▶ Problem details: Shown below are entries with pictures; the line with "2、接下来我们可以点击书城功" through the line with "Для того, чтобы" is the span to retype exactly, and the pictures stay out.

▶ Records for the exercise:

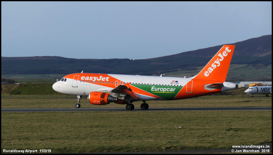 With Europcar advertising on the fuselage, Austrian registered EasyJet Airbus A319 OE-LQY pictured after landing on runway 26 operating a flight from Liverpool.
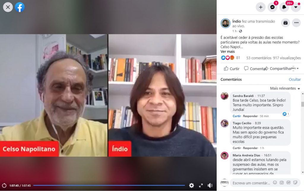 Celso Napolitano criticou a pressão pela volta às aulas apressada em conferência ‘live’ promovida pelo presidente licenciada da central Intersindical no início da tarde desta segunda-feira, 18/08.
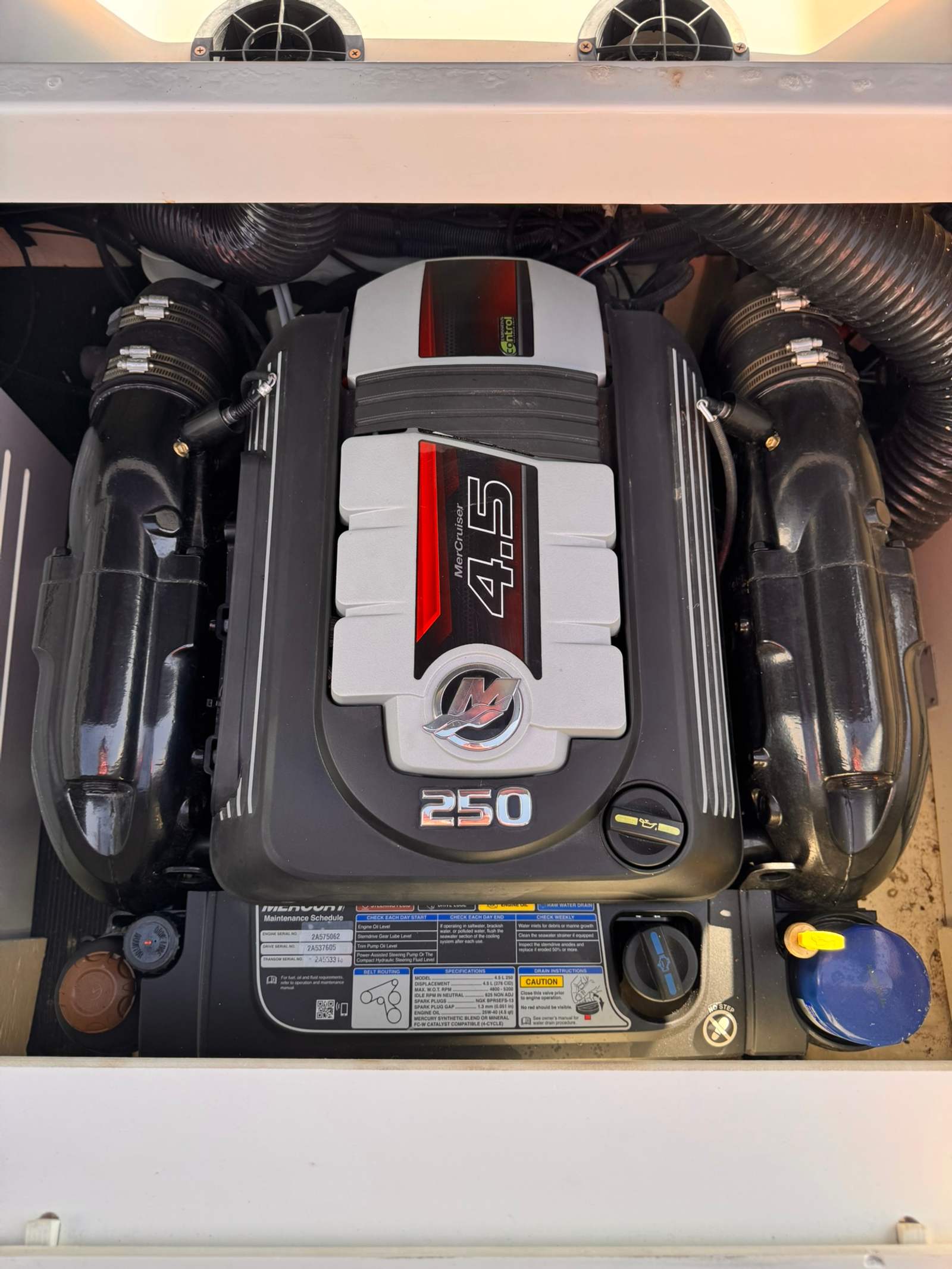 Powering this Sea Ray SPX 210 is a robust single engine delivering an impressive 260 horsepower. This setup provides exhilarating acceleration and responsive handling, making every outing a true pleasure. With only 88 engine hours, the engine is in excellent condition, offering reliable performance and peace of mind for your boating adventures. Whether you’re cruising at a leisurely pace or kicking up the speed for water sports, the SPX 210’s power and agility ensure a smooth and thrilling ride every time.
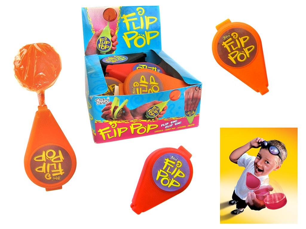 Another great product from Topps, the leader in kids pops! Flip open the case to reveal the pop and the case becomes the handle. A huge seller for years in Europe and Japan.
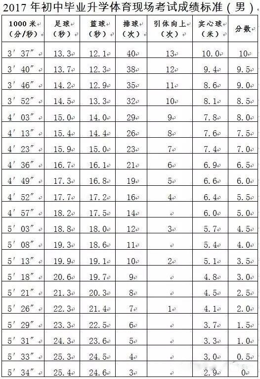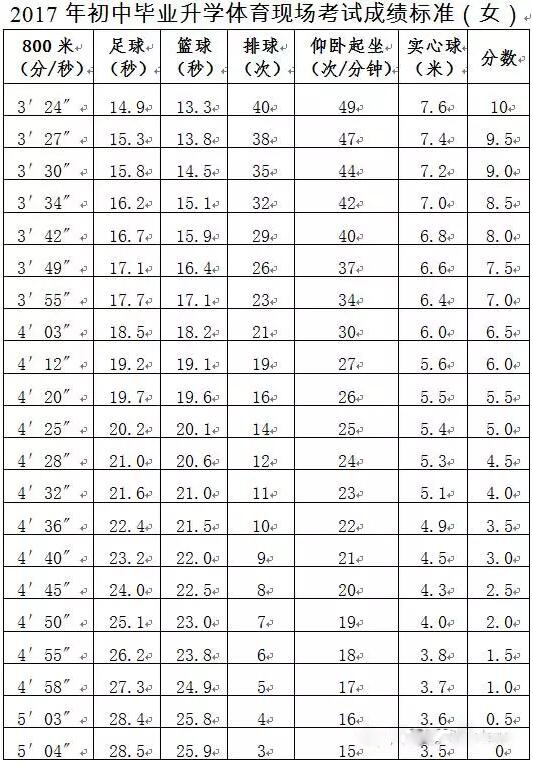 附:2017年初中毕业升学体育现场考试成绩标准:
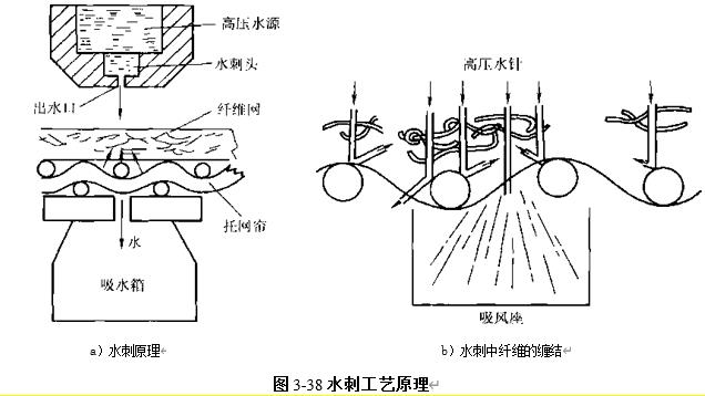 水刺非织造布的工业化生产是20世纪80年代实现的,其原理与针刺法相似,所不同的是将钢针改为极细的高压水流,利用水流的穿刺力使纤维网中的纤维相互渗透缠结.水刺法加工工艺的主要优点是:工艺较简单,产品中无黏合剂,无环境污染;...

--

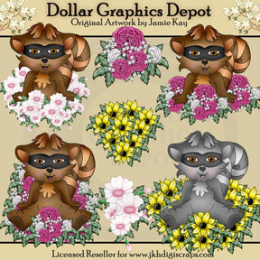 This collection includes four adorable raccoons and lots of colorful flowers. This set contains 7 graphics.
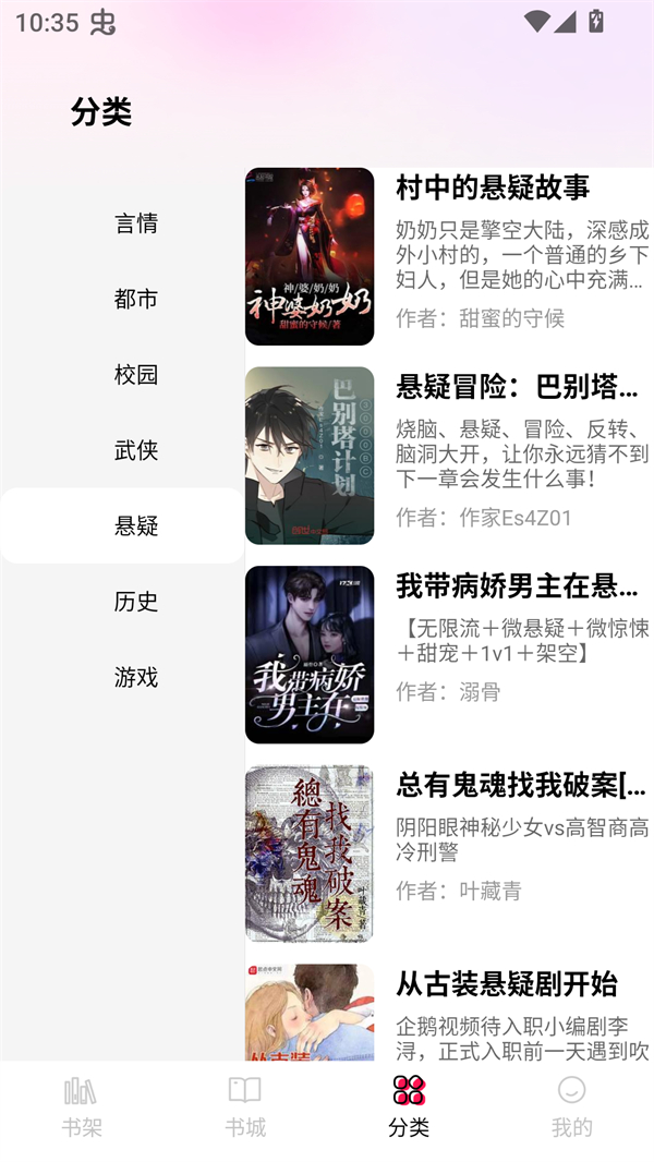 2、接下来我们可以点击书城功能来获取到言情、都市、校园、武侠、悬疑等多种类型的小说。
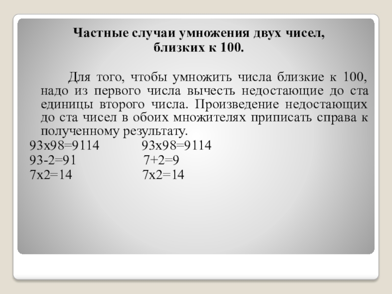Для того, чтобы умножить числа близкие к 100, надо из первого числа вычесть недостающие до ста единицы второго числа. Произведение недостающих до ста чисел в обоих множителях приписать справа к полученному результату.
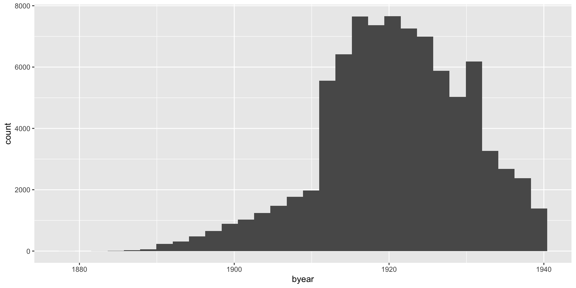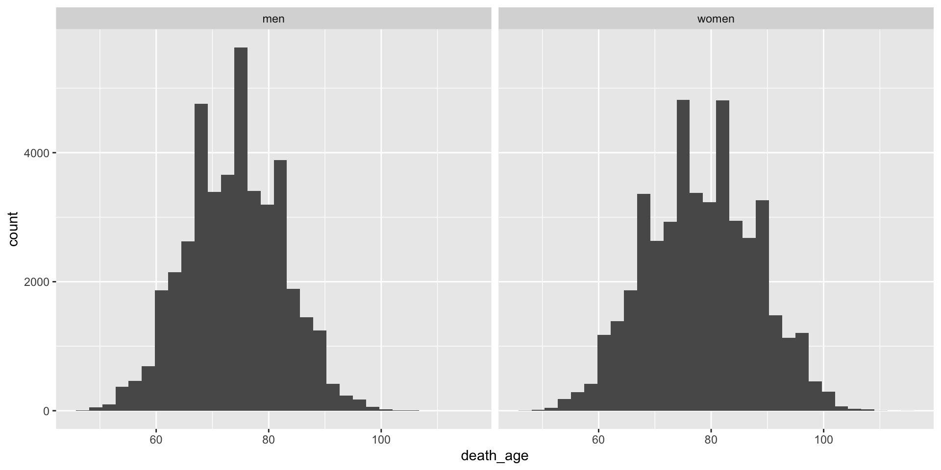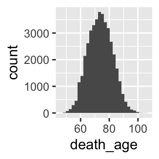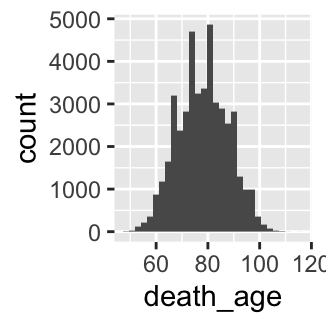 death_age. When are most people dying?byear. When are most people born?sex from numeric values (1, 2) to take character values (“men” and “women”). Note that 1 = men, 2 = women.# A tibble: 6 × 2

--

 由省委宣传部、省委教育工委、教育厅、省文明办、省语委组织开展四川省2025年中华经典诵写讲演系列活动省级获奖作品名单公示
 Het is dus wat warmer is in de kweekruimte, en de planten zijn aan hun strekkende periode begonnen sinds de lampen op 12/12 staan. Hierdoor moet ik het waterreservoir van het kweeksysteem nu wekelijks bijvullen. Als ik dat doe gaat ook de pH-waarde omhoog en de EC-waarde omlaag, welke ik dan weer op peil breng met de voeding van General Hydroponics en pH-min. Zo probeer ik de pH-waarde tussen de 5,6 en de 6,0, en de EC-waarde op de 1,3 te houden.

▶ Task result:
 2、接下来我们可以点击书城功能来获取到言情、都市、校园、武侠、悬疑等多种类型的小说。
Для того, чтобы умножить числа близкие к 100, надо из первого числа вычесть недостающие до ста единицы второго числа. Произведение недостающих до ста чисел в обоих множителях приписать справа к полученному результату.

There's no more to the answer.